Hello all. I wanted to see if I can get some insight into the problems I am having with my new pistol. About 2 months ago I bought a CZ 75 compact 40. The first couple of hundred rounds functioned fine but the latest 200 I put through it have brought up some issues with the gun.

The first and most disturbing problem is the gun's tendency to fail to feed the last round from the mag. The bullet nose tends to get jammed above the breech rather than entering it. The rim of the cartridge is still being held by the mag feed lips and the slide is about .5" or so from closing. This has happened many times when shooting Winchester FMJ for practice. I can't for the life of me figure this one out.

The second problem is that as of today the slide now does not stay open after the last round is fired. IT used to work fine but every mag full I shot today did this. There seems to be no indication on the mag follower or the slide lock as to why this is happening. This is with either mag I use.

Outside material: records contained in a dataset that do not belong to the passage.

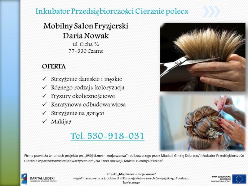 Firma powstała w ramach projektu Mój biznes-moja szansa
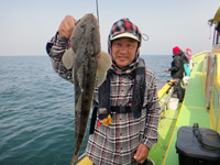 乗船者を見渡すと2本竿の人が多い。これは、船長が許可した「1本竿をマスターした人」のみに許されるそうだ。基本はあくまでも手持ちの1本竿との事。オモリは鋳込み天ビンもしくは船長推奨の三日月オモリ。15分程は誰の竿も曲がらない。「潮が流れないなぁ」と言う船長の独り言が耳に入る。すると左舷ミヨシ(船首)2番目の多賀さんの竿にゴツゴツとアタリがあった。しかし、魚が餌を放してしまう。直後に隣の方にも当たったが、これまたハリ掛かりせず。そんな時、右舷ミヨシ2番目の野口さんが竿を曲げた。船長がタモを持って駆け付ける。しかし、上がってきたのはイシモチ(シログチ)。本人も船長もガッカリ。中々“本命”の顔が見られない。
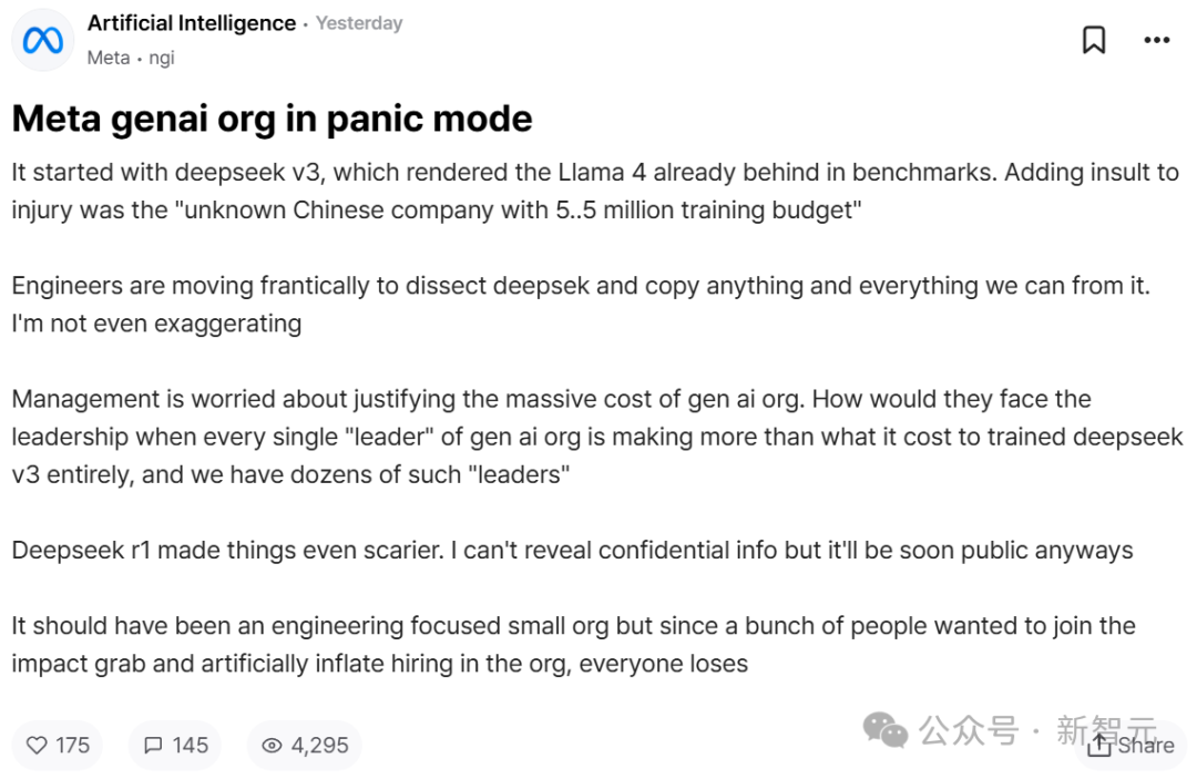 Meta 员工在 TeamBlind 爆料,点燃了一把火 。 自夸开源先锋的 Meta,直接被 DeepSeek 这家中国公司整得 汗颜无地 。不只工程师争分夺秒复现模型,年薪超过 DeepSeek 训练成本的高管们,心底也有点虚 。
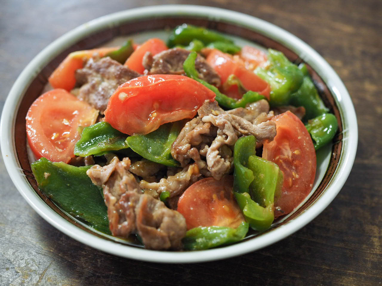 • フライパンを熱して、米油を入れ、豚肉を入れてさっと炒めたらピーマン、しょうが、にんにくを入れて炒め合わせ、水を入れてふたをする(3~4分)。
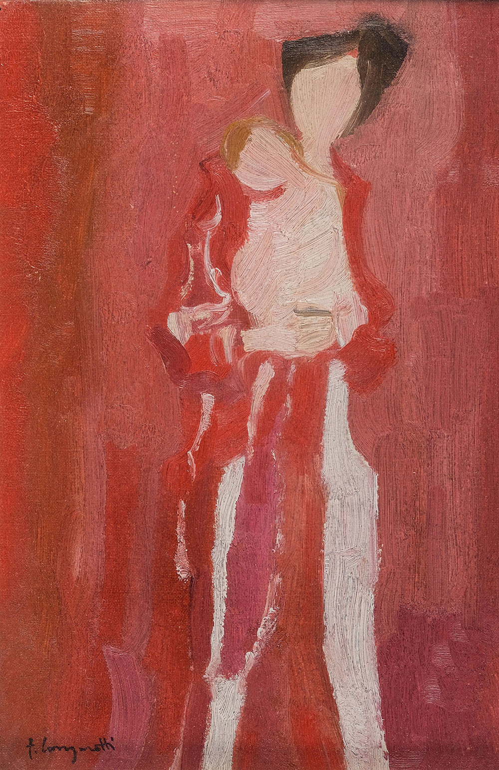 TRENTO LONGARETTI 1916 - 2017 Madre in rosso Olio su tela, cm. 30 x 20 Firmato in basso a sinistra Timbro D’Ars, Milano sul retro Prov. Collezione Fondazione D’Ars Oscar Signorini Onlus, Milano
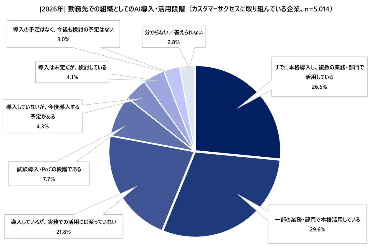 (図1:[2026年] 勤務先での組織としてのAI導入・活用段階(カスタマーサクセスに取り組んでいる企業)、n=5,014) |

I figure this will likely require a call to, and likely a shipment of gun to CZ but wanted to see if anyone else has heard of this.


----------



## specter (Jul 24, 2006)

Well..... upon close inspection under magnification, I now see the problem with the last shot hold open. Both the slide stop and the notch in the slide display obvious signs of deformation where the two pieces contact each other. Instead of both parts meeting squarely, they each have a bit of angle now. I'm really surprised there is enough forward motion in the slide, at that short part of the stroke before it catches, to have caused such damage. Regardless, this one's gotta go back to CZ. If I can get any macro photos to post here, I'll show you what I found.

I don't know if this has any correlation to the last shot fail to feed issue but I guess that is a moot point now. Given the damage to the notch in the slide, I imagine they will replace the gun. Can't just replace the slide since the slide, barrel and frame all have the serial.


----------



## specter (Jul 24, 2006)

I sent the pistol to CZ and received it back within a week. IF nothing else, they are prompt. But they also managed to eliminate the problems from my pistol. The work the did included:

1. replace slide stop
2. debur and square the notch in the slide where the stop catches
3. replaced magazine springs with custom Wolff springs
4. tweaked the magazine feed lips
5. polished the chamber

I have since put about 150 rounds though the gun without a hitch. I hope the fix holds but have no qualms about sending it back to the again should the need arise.


----------



## dondavis3 (Aug 2, 2009)

I'm glad you got it fixed.

Congratulations.

:smt1099


----------